La Japonaise ne répondit pas. Elle avait les yeux si noirs qu’il était impossible de discerner la prunelle de l’iris.
— Tu t’es encore engueulée avec Olive ?
— Même pas. Il reste dans son sous-sol. On n’a aucun contact. De toute façon, il part ce soir.
Le serveur arriva et prit leur commande.
Après un bref silence, Sandrine préféra crever l’abcès :
— Qu’est-ce qui ne va pas ?
— Rien de plus, rien de moins que d’habitude. Je me suis levée avec un monstrueux cafard, c’est tout. Mon mariage est un naufrage complet.
— Original.
— Tu ne comprends pas. J’ai le sentiment qu’Olivier ne m’a jamais aimée.
— J’en connais pas mal qui rêveraient de ne pas être aimées de cette façon.
Naoko nia de la tête :
— Olivier aime le Japon. Il aime un fantasme, une idée. Quelque chose qui n’a rien à voir avec moi. D’ailleurs, ça fait des années qu’il ne me touche plus…
Sandrine réprima un soupir. Une heure de trafic pour jouer à la psy. Mais elle ne se plaignait pas. Elle écoutait la musique des mots et elle adorait ça. Cet accent délicat qui n’avait toujours pas trouvé le moyen de prononcer les « r » ou les « u ».

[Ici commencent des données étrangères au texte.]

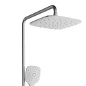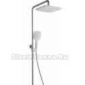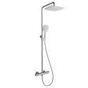 Устройство: душевая система • Смеситель: термостатический • Ручной душ (душевая лейка): настройки 3 шт • Верхний душ (тропический): размер 250 мм • Комплектация: ручной душ, верхний душ, смеситель, стойка, шланг, крепление ручного душа

— Son sentiment pour moi a toujours été abstrait, continua Naoko. Au début, j’ai cru que cette adoration allait se préciser, qu’il allait s’intéresser à la femme sous la Japonaise. C’est le contraire qui s’est produit. Il s’est enfoncé dans son obsession. Il passe encore ses nuits à regarder des films de samouraïs, à lire des écrivains dont je ne connais même pas le nom ! Il écoute des vieux machins au koto qu’on n’entend plus au Japon, excepté à la fin de l’année, dans les grands magasins. T’aimerais vivre avec un mec qui écoute toute l’année « Petit Papa Noël » ?
Sandrine sourit sans répondre. Le serveur revenait avec un plateau en forme de navire chargé de poissons crus, agrémenté des touches roses du gingembre et des pointes vertes du wasabi. Elle se réjouissait, au plus profond d’elle-même, des saveurs imminentes. Depuis la découverte de son cancer, chaque plaisir, même le plus infime, ressemblait à la cigarette du condamné.
Naoko saisit son bol de soupe à deux mains et poursuivit, les yeux rivés sur la table :
— En ce moment, son truc, c’est d’écouter les dialogues de vieilles comédies musicales de la Shochiku. Il a commandé des CD obscurs sur Internet. Il les écoute en boucle, au casque, sans comprendre le moindre mot. Tu trouves ça sain ?
Sandrine prit un air compatissant et cueillit un nouveau rouleau d’algues, de thon et de riz. Elle avait déjà bien entamé la proue du bateau.
— Dix ans de mariage et je ne sais toujours pas s’il a compris que je suis une femme. Je suis avant tout une pièce dans son musée.